Comment parvenir à restituer son identité ? Comment déterminer son avis et en fonction de quels
éléments ? L’intervenant, accompagné par l’enseignant, incite les élèves à se poser des questions sur la
littérature et la théâtralité conjointement, en abordant tous les éléments qui participent d’une pièce de
théâtre (notions de fable, personnages, construction, rythme, langue, oralité etc…). Le comité de lecture
se présente comme un parcours de sensibilisation au théâtre d’aujourd’hui et aux auteurs vivants.
Les débats sont un apprentissage de l’écoute de l’autre et de la prise de parole dans le respect de
l’opinion de chacun. Ils invitent les jeunes à développer leur sens critique, à préciser leur prise de parole,
à réfléchir et à choisir les mots pour dire ce qu’ils pensent et pour convaincre.
► Les partenaires
Le théâtre c’est d’abord l’écriture d’un texte (quelle que soit sa forme), puis son partage avec le public,
sous la forme d’une pièce éditée et d’une mise en scène portée sur un plateau de théâtre.

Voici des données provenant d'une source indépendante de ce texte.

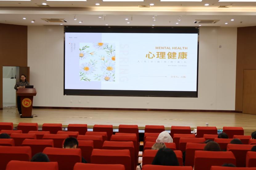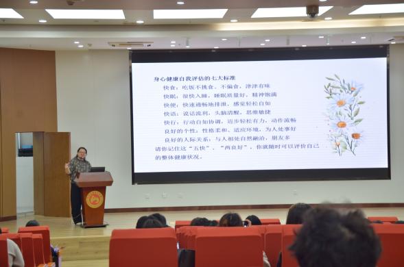 白杨结合实例阐释了开展大学生心理健康教育的重要性。她强调,大学生正处于人生中的青年阶段,最重要的目标就是去认识自我、悦纳自我。接着,白杨让同学们围绕“五快两良好”评估自我的整体健康状况,在点明大学生心理健康标准的同时,向同学们推荐了“自省”这一进行自我探索的方式。

C’est pourquoi L’inédiThéâtre réunit autour des classes participantes, 3 partenaires qui représentent ce
parcours. Postures, qui accompagne les lycéens dans leur découverte du texte théâtral contemporain,
Lansman éditeur qui publie la pièce choisie par les élèves et le Théâtre de l’Aquarium, qui permet aux
élèves de mieux comprendre les enjeux d’une représentation théâtrale.
► Déroulement
16 septembre 2014 : réunion du jury au Théâtre de l’Aquarium et choix des trois manuscrits qui seront
soumis aux élèves.
De janvier à avril 2015 : 7 séances (14 heures) sont consacrées à la découverte des textes, à des
tentatives de mise en voix d’extraits, et à la discussion. Ces séances sont animées par un intervenant, en
collaboration avec l’enseignant.
Pour les classes qui le souhaitent elles peuvent se dérouler au Théâtre de l’Aquarium lors de deux jours
de stage.
L’enseignant accompagne et prolonge la lecture et l’analyse des textes.
La première séance est consacrée à la présentation du projet et des participants ; les élèves y
découvrent pour la première fois les textes dont ils devront débattre par la suite, ils prennent
connaissance des « règles du jeu » (lecture, prise de note, argumentation, et échanges) et s’attachent à
définir ensemble pour leur comité des critères de sélection et des enjeux.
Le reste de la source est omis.